Boehringer Ingelheim GmbH’s HIV drug Viramune helped infected infants more than Abbott Laboratories’ more expensive pill Kaletra in a study, suggesting that the cheaper pill should be used in poorer countries to cut costs.
The World Health Organization recommends mothers use Viramune to prevent passing the AIDS-causing virus to their children in the womb, and give infected infants a cocktail containing Kaletra after birth. Of 195 HIV-infected children under 2 years given that initial treatment, switching back to Viramune kept the virus under control in 56 percent of them, compared with 42 percent who stayed on Kaletra, the study showed.
About 1,000 children are infected with HIV every day, according to the Geneva-based WHO. More children in Africa are likely to start receiving anti-AIDS drugs after a previous study showed they do better when treatment begins earlier, researchers led by Louise Kuhn at Columbia University wrote in the Journal of the American Medical Association. That makes it important to ensure the drugs used are affordable and effective, they said.
The result shows children “could benefit from the switch strategy, which would allow reductions in costs of pediatric treatment programs,” Kuhn and colleagues said yesterday.
UNITAID and the William J. Clinton Foundation negotiated a price of $53 a year for pediatric Viramune in developing nations in 2010, compared with $220 annually for Kaletra, according to the Clinton foundation’s website.
Kaletra has an unpleasant taste, must be refrigerated, limits options for second-line treatment and causes side effects including raised levels of fats in the blood, the researchers said.
Resistance
Confounding the findings, Viramune failed to control the virus in about 20 percent of the children, compared with 2 percent whose disease didn’t react to Kaletra. Most of those who failed to respond to Viramune had pre-existing resistance to the Boehringer drug after being exposed to it in the womb, the researchers said.
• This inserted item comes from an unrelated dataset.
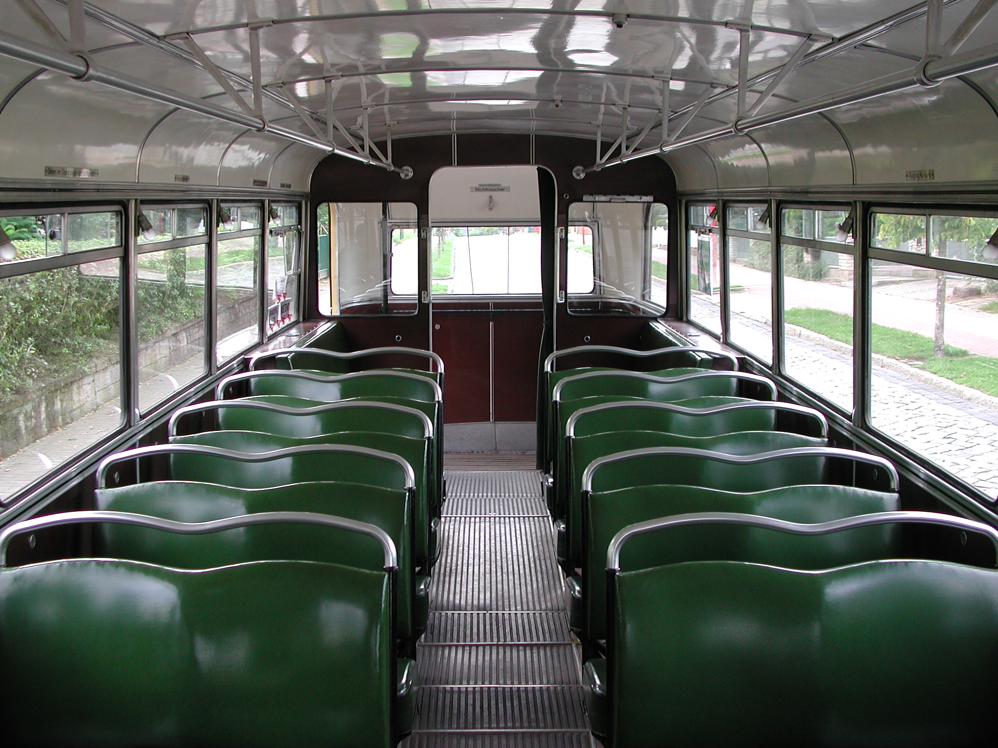 The interior of preserved Berlin trolleybus 488, a 1957-built Henschel HS56 with Gaubschat body and AEG electrical equipment, in Eberswalde in 2002.
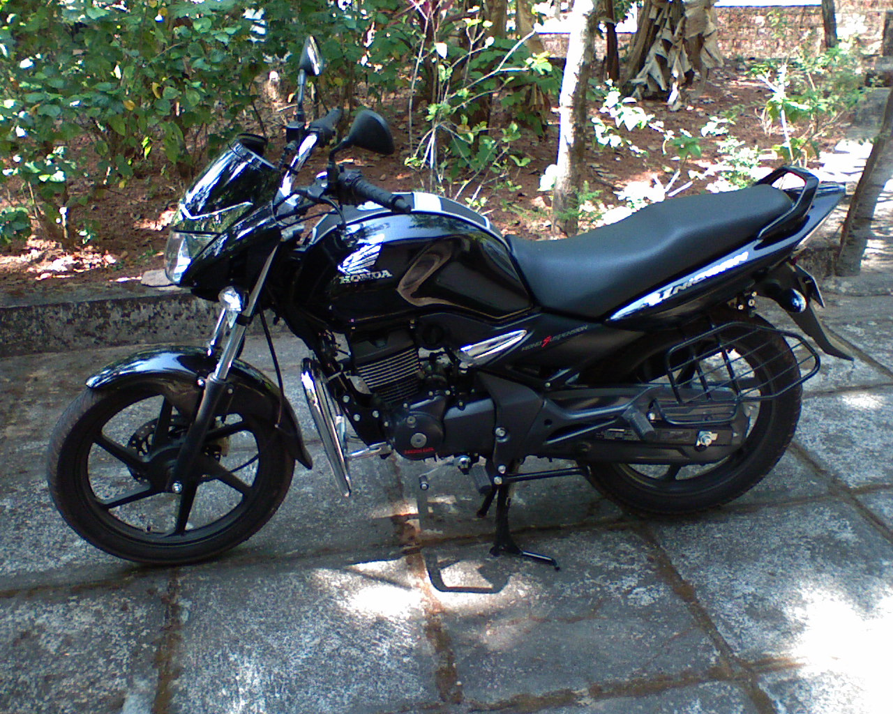 Honda Unicorn

Previous studies have shown resistance to Viramune develops in about half of children exposed to it in the womb when women take it on its own. When they combine it with other drugs, Viramune resistance drops to about 17 percent. The switch strategy should only be used where children can be tested for resistance, the researchers said. The cost of that testing could be offset by the lower cost of Viramune, they said.
The children’s guardians agreed to their participation in the trial, which was funded by the U.S. National Institute of Child Health and Human Development and Bristol-Myers Squibb Co.’s Secure the Future foundation.
Boehringer, based in Ingelheim, Germany, is the world’s biggest family-owned drugmaker. Kaletra earned Abbott Park, Illinois-based Abbott $1.37 billion last year, making it the company’s second-best seller after the arthritis drug Humira.